Understanding traffic volumes from each crawler helps you make informed decisions about which ones to prioritise and validates that your robots.txt directives are being respected.

When AI Crawlers Ignore robots.txt

Most major AI companies commit to honouring robots.txt directives. OpenAI, Anthropic, Google, and Perplexity have all published documentation confirming this. However:

Not all crawlers are legitimate — some data collection operations ignore robots.txt
Historical web archives (Common Crawl snapshots) may contain content collected before your robots.txt restrictions were in place

If you discover a crawler ignoring your robots.txt, the recourse is to contact the operator directly (most publish a contact for this purpose) and, if necessary, use your server's firewall to block the crawler's IP ranges.

Conclusion

Your robots.txt file is now doing more work than ever. In 2026, it is not just about Googlebot — it is a policy document for how your content is used by an expanding ecosystem of AI systems.
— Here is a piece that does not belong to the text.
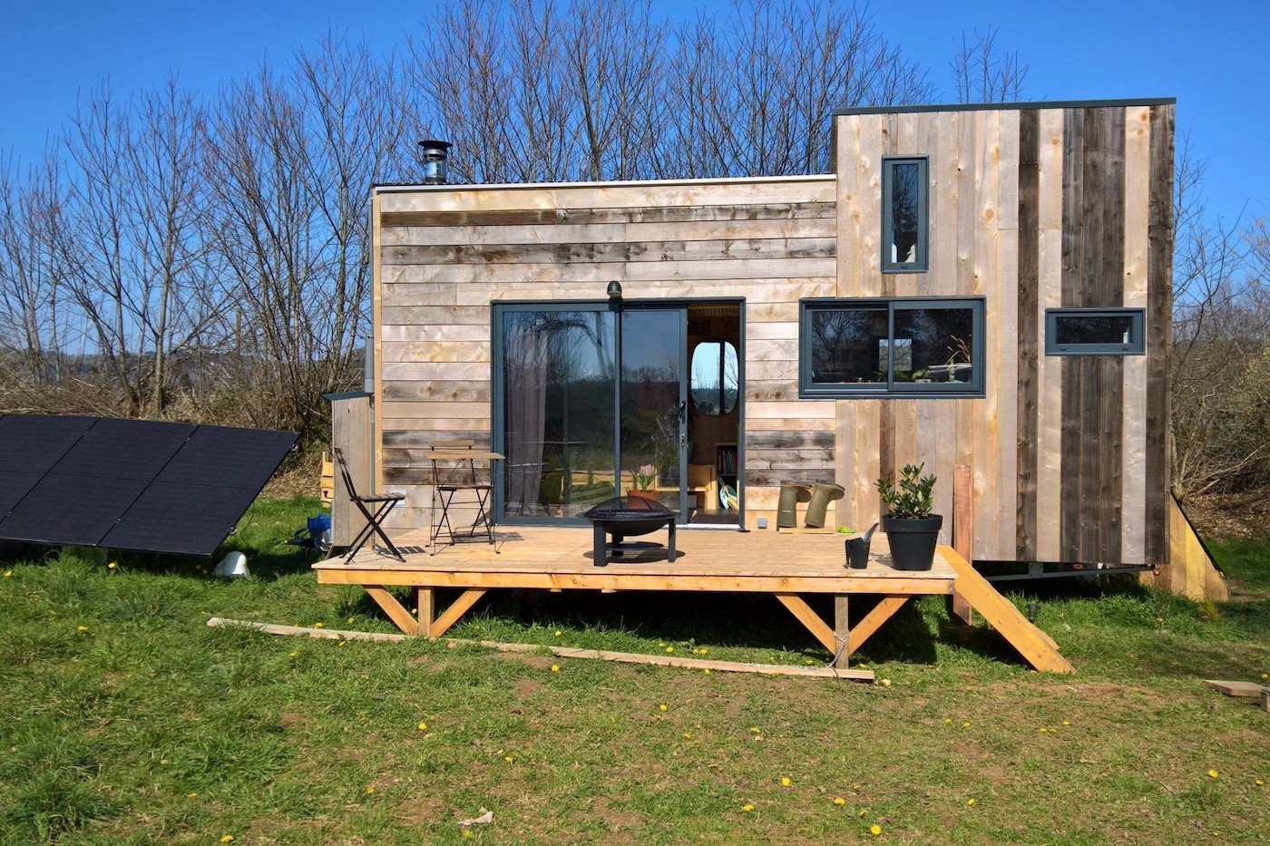 O Atelier Bois d’ici — expressão que pode ser traduzida livremente como “oficina local de madeira” — opera sua própria serraria e depósito de madeira no mesmo terreno do estúdio. Isso significa que cada construção começa não com madeira processada, mas com toras brutas. A proximidade com o material faz com que cada detalhe da arquitetura seja cuidadosamente definido, da escolha da espécie ao acabamento, criando projetos singulares e diferentes de muitas tiny houses pré-fabricadas.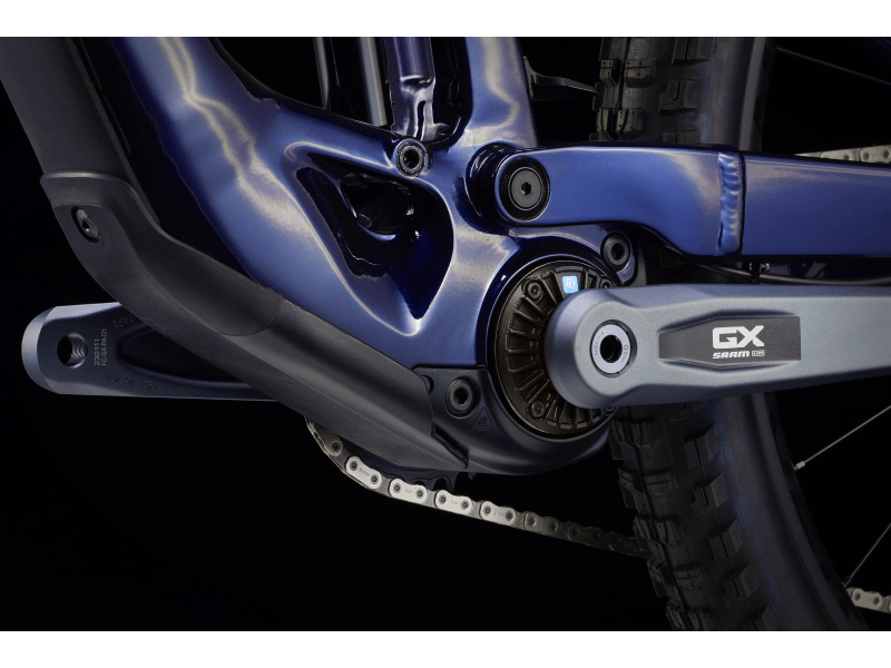 An Alpha Platinum Aluminum frame with TQ's HPR50 harmonic pin ring drive system, a fully-encased 360Wh removable battery, and smart charging port. An integrated LED display and handlebar remote that are easy to use on the fly. 150mm FOX Rhythm 36 front suspension with Float EVOL air spring and GRIP damper, and 140mm FOX Performance Float X rear suspension. Plus, wide, Tubeless Ready Bontrager Line Comp 30 wheels, SRAM's wireless 12-speed GX AXS transmission, hydraulic disc brakes, and a dropper post.

The strategic decision — allow, partially allow, or block — depends on your business model and goals. For most brands with public content and an interest in AI visibility, allowing retrieval crawlers while being selective about training data crawlers is a sensible default. Implement llms.txt as a complementary signal. And monitor your AI crawler traffic regularly to ensure your policies are being respected and to inform future decisions.

This is one of those technical details that has outsized strategic consequences. Get your AI crawler policy right, and document it in your robots.txt deliberately — not by accident or default.